Records drawn from a dataset:

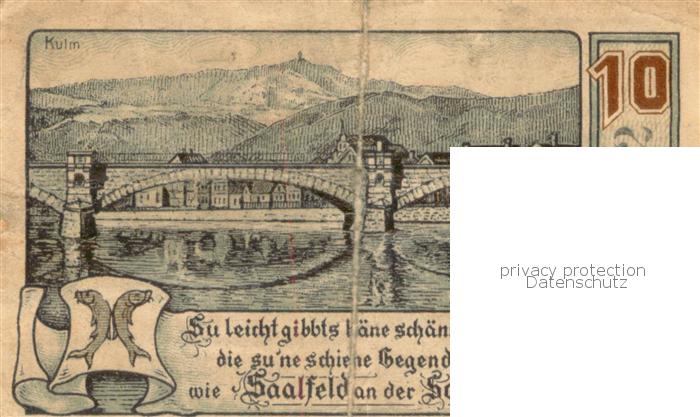 73770108 Saalfeld Saale Saaltor Saalebruecke Zehn Pfennig Gutschein postalisch nicht gelaufen Notgeldschein (keine Postkarte) Erhaltung siehe scans [WerneD78] Notgeldschein (keine Postkarte) Wern Katcode 11110016073077
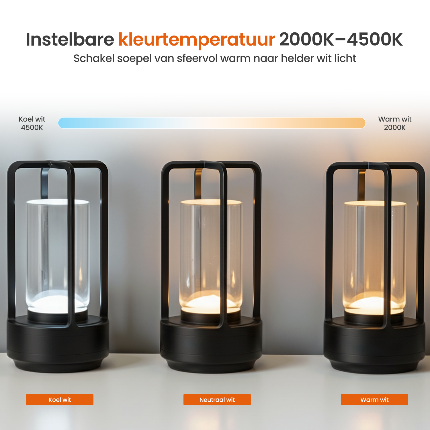 Op zoek naar een stijlvolle tafellamp voor jouw slaapkamer, woonkamer of eettafel? De oplaadbare Goliving Tafellamp in goud brengt warmte, sfeer en luxe naar iedere ruimte. Dankzij de krachtige 1300mAh accu geniet je tot wel 10 uur draadloos van prachtig warm wit licht, zonder gedoe met snoeren of stopcontacten. Perfect als tafellamp oplaadbaar, als nachtlampje of als eyecatcher in jouw interieur.
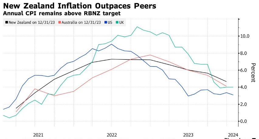 新西兰联储在退出疫情时期的刺激措施方面走在了其他央行的前列,它一直在努力遏制通胀,自2021年10月以来将利率上调了525个基点,这是自1999年引入官方现金利率以来最激进的紧缩政策。加息大幅放缓了经济,最近的数据显示,经济增速低于央行此前的预期。然而,与预期的4.2%相比,2023年第四季度的失业率略好于4.0%。
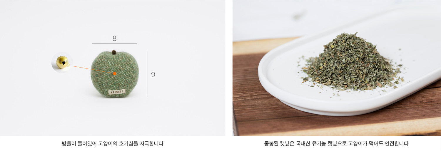 애플은 국내산 유기농 캣닢이 들어있는 캣닢쿠션입니다.
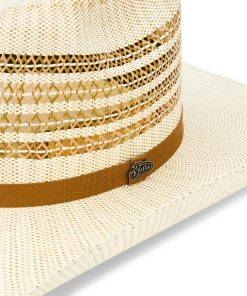 Classic straw cowboy hat with a timeless design. This hat features a ventilated structure, making it lightweight and comfortable for the hottest days, while its brown band adds a touch of style. Perfect for everyday wear or outdoor special events, this Justin brand hat seamlessly combines functionality and fashion for lovers of the western style.
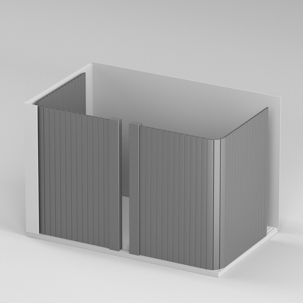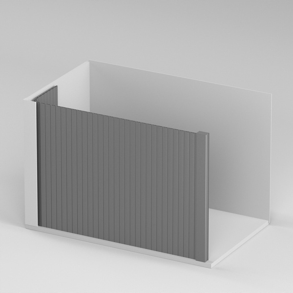 На этом аукционе мы предлагаем жалюзи с движением вертикальным задним с усилителем C6, на направляющих сверху, для шкафа с размерами внутренних:
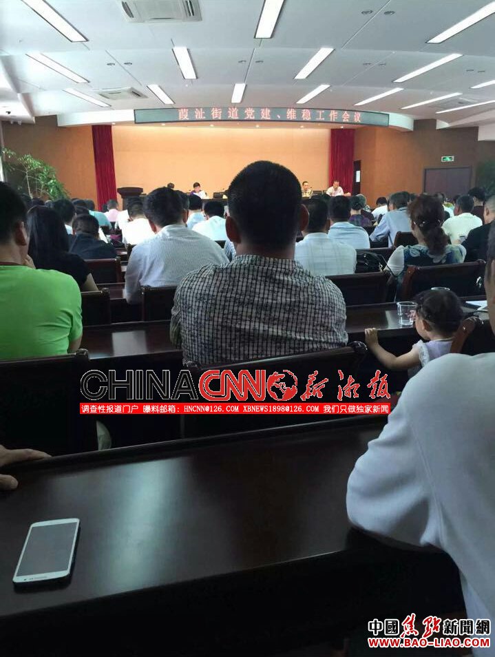 6月26日下午,葭沚街道办事处召开党建、维稳工作会议,一名小女孩与100多名成年人参会。
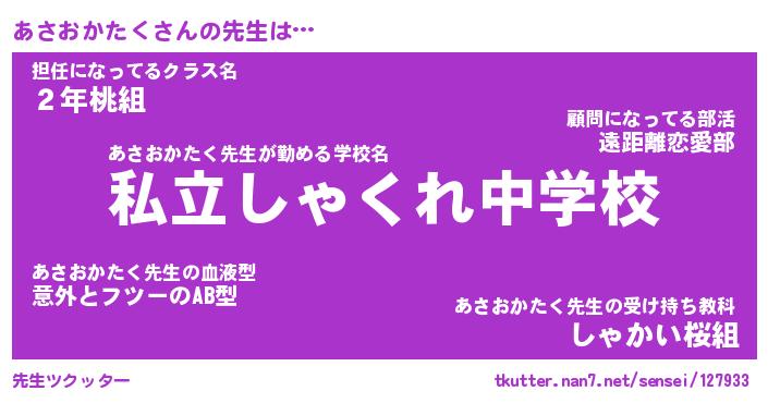 | ヒーロー風カッコイイあだ名 | 『スーパーアサオカタク』『幻影騎士アサ』 |
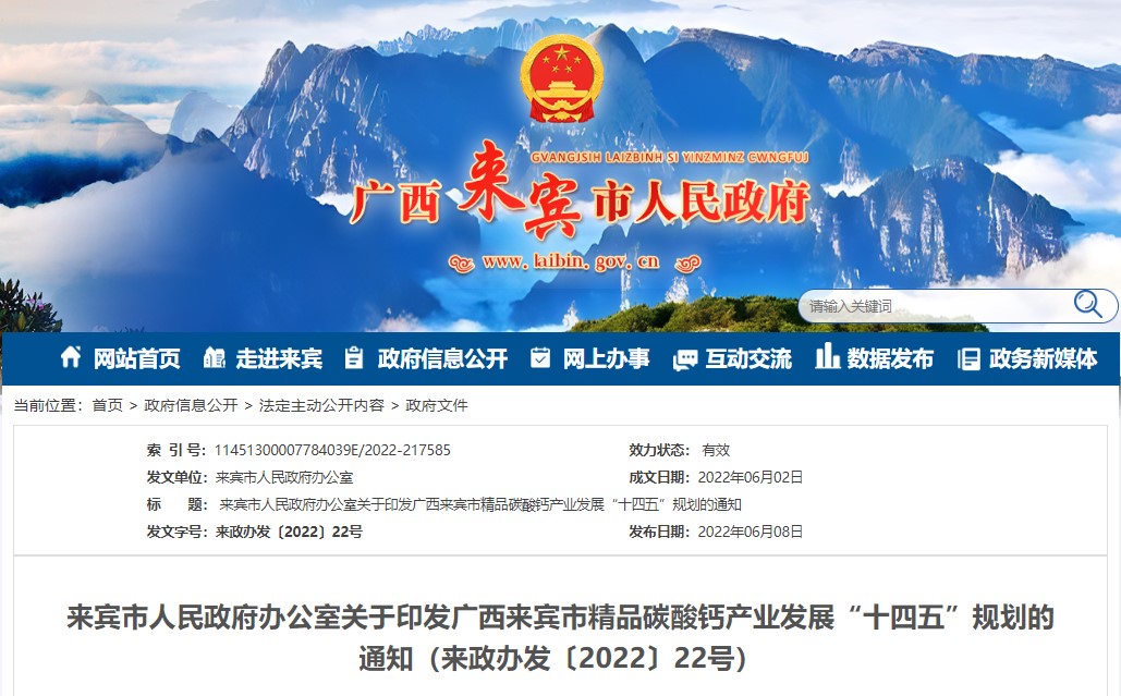 又是精品碳酸鈣粉體引領GDP增長,廣西來賓市“十四五”規劃
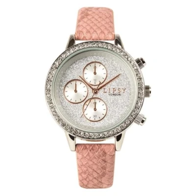 Lipsy Pink Croc Effect Strap Watch with Silver Glitter Dial and Stone Set Bezel
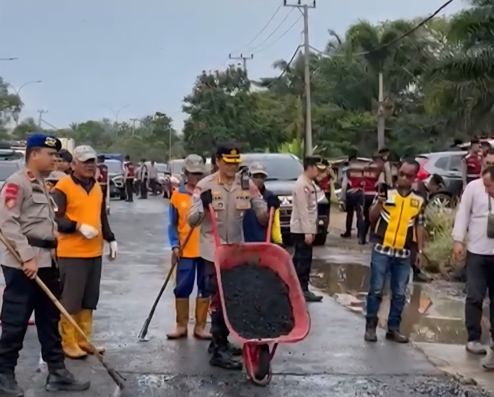 Sementara itu di Kabupaten Ogan Komering Ilir, Kapolres OKI AKBP Eko Rubiyanto memimpin kegiatan perbaikan jalan di Simpang Tiga Akses Tol Kayuagung, Desa Celikah.
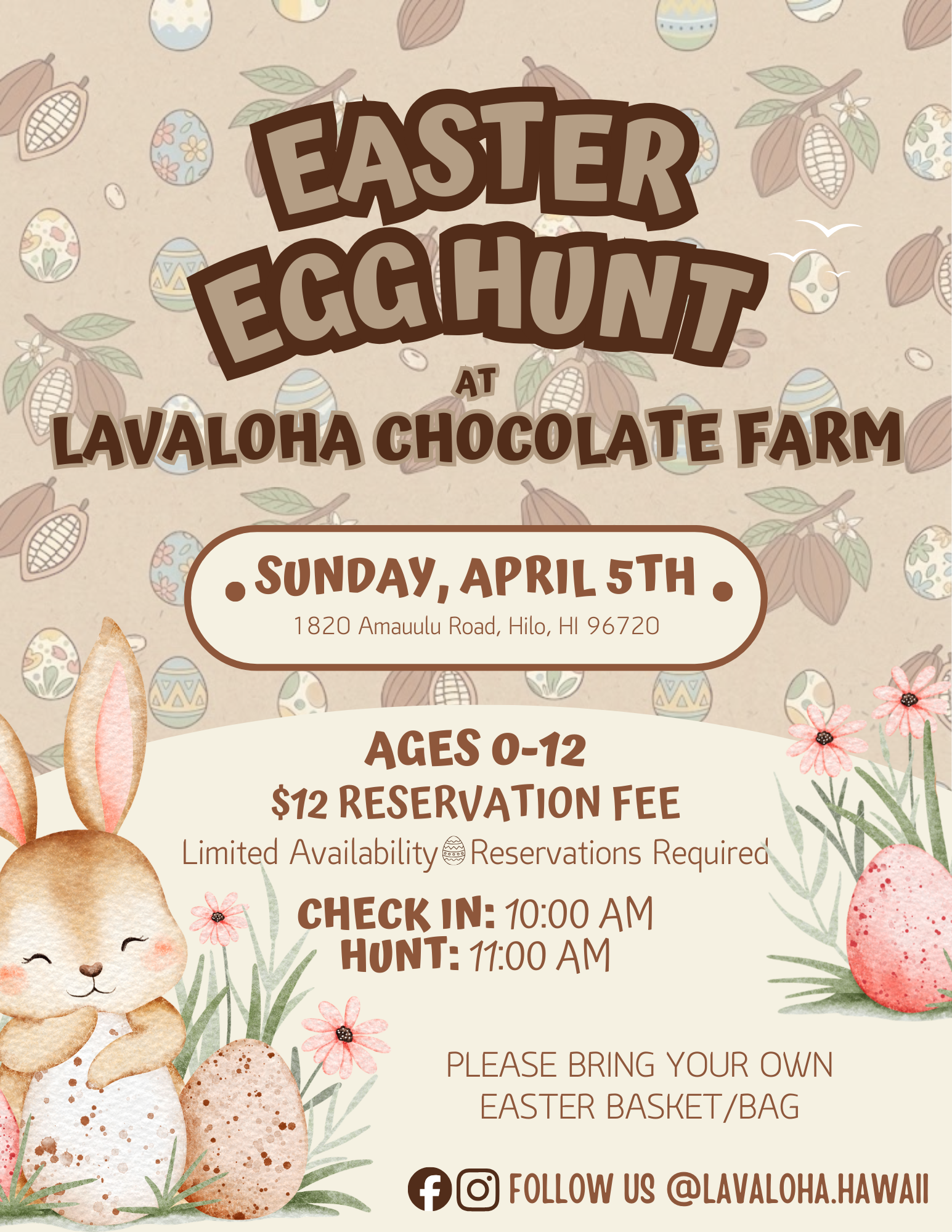 Join us for some Easter Family Fun on our chocolate farm with an Easter Egg Hunt and yard games! We will also have prizes, snacks, and the Easter Bunny, so be sure to reserve* your spot early!
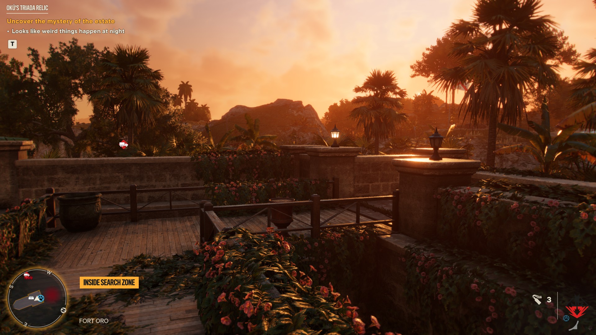 Der Rest knallt halt wie er soll: Schießen funktioniert gut wie eh und je, mit einem besonderen Bonus: das Headshot-Geräusch. Ich komme mir selber blöd dabei vor, dieses völlig unrealistisch laute Knochenknacken als Indikator für einen tödlichen Kopfschuss wie so ein Sechzehnjähriger Splatter-Fanatiker zu feiern, aber seit Far Cry 6 vermisse ich das in anderen Shootern schmerzlich, es wertet das Spiel auf. Man hat alles, was Far Cry in den letzten Teilen auch hatte: Außenposten; kleinere Militäreinheiten wie Konvois, Checkpoints und Anti-Aircraft-Kanonen; dazu Rennen und auch die in meinen Augen sehr netten kleinen Puzzle-Rätsel, die in Far Cry 5 als Prepper Stashes eingeführt wurden. Das ist alles relativ generisch, aber zusätzlich zu doch einigen Nebenmissionen eine runde Sache, bei allem Hass auf Ubisoft. Alles darüber hinaus, die Spezialeinsätze außerhalb der Map, die seltsamen „Bandido Operations“, bei denen man sich durch ein paar Textbildschirme klickt, um Ressourcen zu bekommen oder Domino und Hahnenkämpfe, hätten meinetwegen nicht sein müssen, aber um ehrlich zu sein, haben sie mich auch nicht gestört und ich hab alles mal ausprobiert und mehr oder weniger gemocht. Passiert bei einem Spiel dieses Umfangs halt.
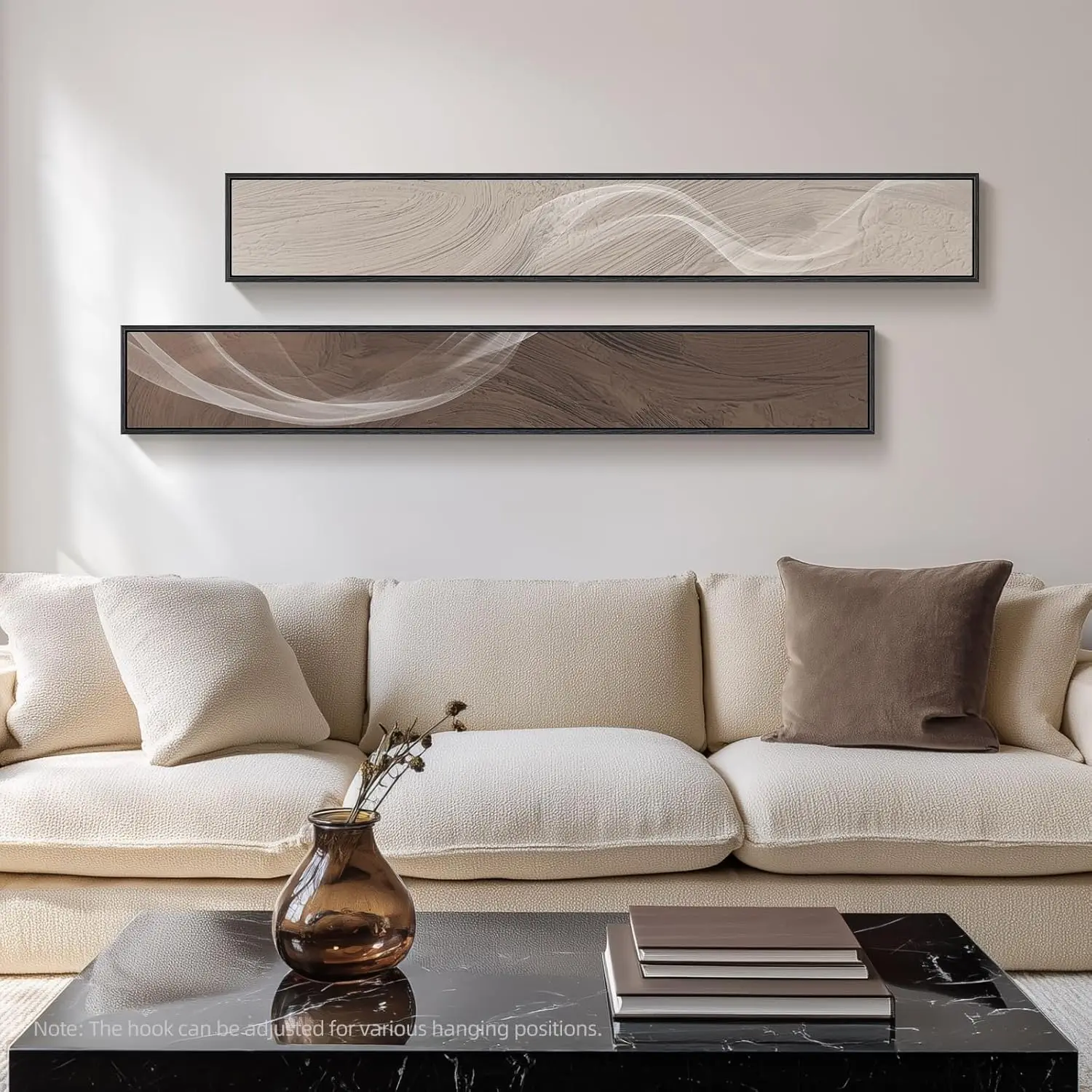 Large Framed Vertical Abstract Wall Art Set of 2, Beige Brown Modern Canvas Prints for Living Room Bedroom Decor

What you need to do:
Copy all records exactly, no images.

Answer to the problem:
 73770108 Saalfeld Saale Saaltor Saalebruecke Zehn Pfennig Gutschein postalisch nicht gelaufen Notgeldschein (keine Postkarte) Erhaltung siehe scans [WerneD78] Notgeldschein (keine Postkarte) Wern Katcode 11110016073077
 Op zoek naar een stijlvolle tafellamp voor jouw slaapkamer, woonkamer of eettafel? De oplaadbare Goliving Tafellamp in goud brengt warmte, sfeer en luxe naar iedere ruimte. Dankzij de krachtige 1300mAh accu geniet je tot wel 10 uur draadloos van prachtig warm wit licht, zonder gedoe met snoeren of stopcontacten. Perfect als tafellamp oplaadbaar, als nachtlampje of als eyecatcher in jouw interieur.
 新西兰联储在退出疫情时期的刺激措施方面走在了其他央行的前列,它一直在努力遏制通胀,自2021年10月以来将利率上调了525个基点,这是自1999年引入官方现金利率以来最激进的紧缩政策。加息大幅放缓了经济,最近的数据显示,经济增速低于央行此前的预期。然而,与预期的4.2%相比,2023年第四季度的失业率略好于4.0%。
 애플은 국내산 유기농 캣닢이 들어있는 캣닢쿠션입니다.
 Classic straw cowboy hat with a timeless design. This hat features a ventilated structure, making it lightweight and comfortable for the hottest days, while its brown band adds a touch of style. Perfect for everyday wear or outdoor special events, this Justin brand hat seamlessly combines functionality and fashion for lovers of the western style.
 На этом аукционе мы предлагаем жалюзи с движением вертикальным задним с усилителем C6, на направляющих сверху, для шкафа с размерами внутренних:
 6月26日下午,葭沚街道办事处召开党建、维稳工作会议,一名小女孩与100多名成年人参会。
 | ヒーロー風カッコイイあだ名 | 『スーパーアサオカタク』『幻影騎士アサ』 |
 又是精品碳酸鈣粉體引領GDP增長,廣西來賓市“十四五”規劃
 Lipsy Pink Croc Effect Strap Watch with Silver Glitter Dial and Stone Set Bezel
 Sementara itu di Kabupaten Ogan Komering Ilir, Kapolres OKI AKBP Eko Rubiyanto memimpin kegiatan perbaikan jalan di Simpang Tiga Akses Tol Kayuagung, Desa Celikah.
 Join us for some Easter Family Fun on our chocolate farm with an Easter Egg Hunt and yard games! We will also have prizes, snacks, and the Easter Bunny, so be sure to reserve* your spot early!
 Der Rest knallt halt wie er soll: Schießen funktioniert gut wie eh und je, mit einem besonderen Bonus: das Headshot-Geräusch. Ich komme mir selber blöd dabei vor, dieses völlig unrealistisch laute Knochenknacken als Indikator für einen tödlichen Kopfschuss wie so ein Sechzehnjähriger Splatter-Fanatiker zu feiern, aber seit Far Cry 6 vermisse ich das in anderen Shootern schmerzlich, es wertet das Spiel auf. Man hat alles, was Far Cry in den letzten Teilen auch hatte: Außenposten; kleinere Militäreinheiten wie Konvois, Checkpoints und Anti-Aircraft-Kanonen; dazu Rennen und auch die in meinen Augen sehr netten kleinen Puzzle-Rätsel, die in Far Cry 5 als Prepper Stashes eingeführt wurden. Das ist alles relativ generisch, aber zusätzlich zu doch einigen Nebenmissionen eine runde Sache, bei allem Hass auf Ubisoft. Alles darüber hinaus, die Spezialeinsätze außerhalb der Map, die seltsamen „Bandido Operations“, bei denen man sich durch ein paar Textbildschirme klickt, um Ressourcen zu bekommen oder Domino und Hahnenkämpfe, hätten meinetwegen nicht sein müssen, aber um ehrlich zu sein, haben sie mich auch nicht gestört und ich hab alles mal ausprobiert und mehr oder weniger gemocht. Passiert bei einem Spiel dieses Umfangs halt.
 Large Framed Vertical Abstract Wall Art Set of 2, Beige Brown Modern Canvas Prints for Living Room Bedroom Decor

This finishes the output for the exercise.